AVAILABLE DATA ->
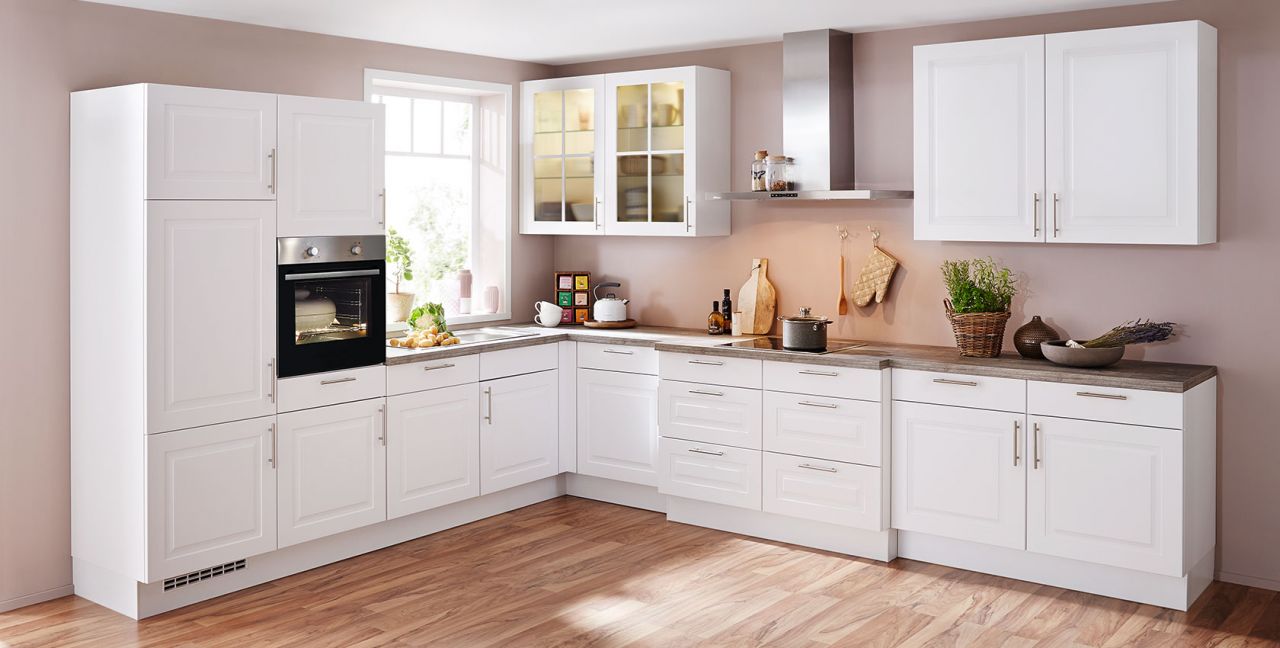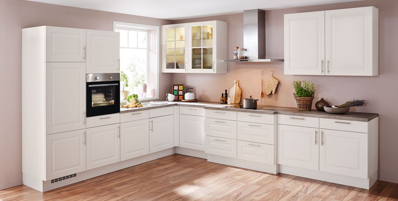 Inklusive Einbaubackofen Edelstahl Laurus LEB5 Energieeffizienzklasse A, Glaskeramik Kochfeld Laurus LCA600, Dunstesse Edelstahl Airforce F100-90 Energieeffizienzklasse B, Kühlschrank Laurus LKG88E Energieeffizienzklasse E, Einbauspüle Edelstahl Rodi Okio Line 85 Deep, Unterschränken mit Frontauszügen, Wandschrank mit Glassprossentüren. Inklusive Lieferung.
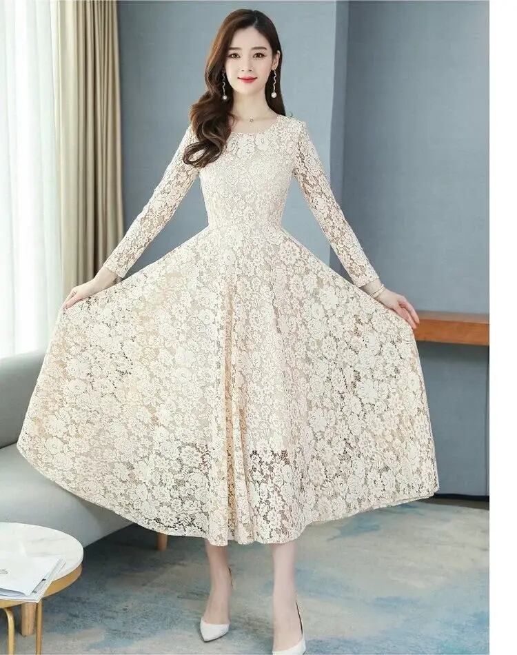 フレアワンピース ワンピドレス レディース ワンピース ドレス 膝下 ミモレ 長袖 ラウンドネック フレア Aライン レース 透け感 シースルー 薄手 かわいい 大人可愛い きれいめ シンプル 上品 おしゃれ ガーリー エレガント 抜け感 ラブリー キュート ロマンティック 大人っぽい 大人女子 清潔感 ロマンチック お洒落 華やか 花柄 フラワー 春 秋 謝恩会 結婚式 二次会 披露宴 女性用 体型カバー 美脚 モテ 清楚 スタイルアップ 動きやすい 涼しい 大きいサイズ プラスサイズ
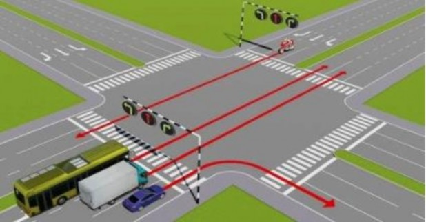Theo hướng mũi tên, thứ tự các xe đi như thế nào là đúng quy tắc giao thông?
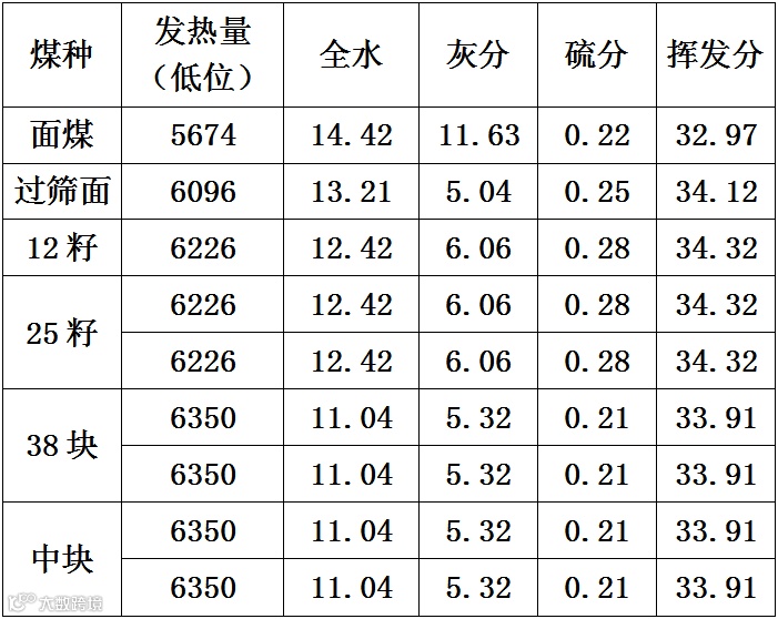 普禾煤矿煤质指标

TASK ITEM -> Pictures stay out of this copy. Retype exactly the lines from the one with "フレアワンピース ワンピドレス レディース" through the last line of the data, both ends included, and nothing more.

ANSWER TO THIS TASK ->
 フレアワンピース ワンピドレス レディース ワンピース ドレス 膝下 ミモレ 長袖 ラウンドネック フレア Aライン レース 透け感 シースルー 薄手 かわいい 大人可愛い きれいめ シンプル 上品 おしゃれ ガーリー エレガント 抜け感 ラブリー キュート ロマンティック 大人っぽい 大人女子 清潔感 ロマンチック お洒落 華やか 花柄 フラワー 春 秋 謝恩会 結婚式 二次会 披露宴 女性用 体型カバー 美脚 モテ 清楚 スタイルアップ 動きやすい 涼しい 大きいサイズ プラスサイズ
Theo hướng mũi tên, thứ tự các xe đi như thế nào là đúng quy tắc giao thông?
 普禾煤矿煤质指标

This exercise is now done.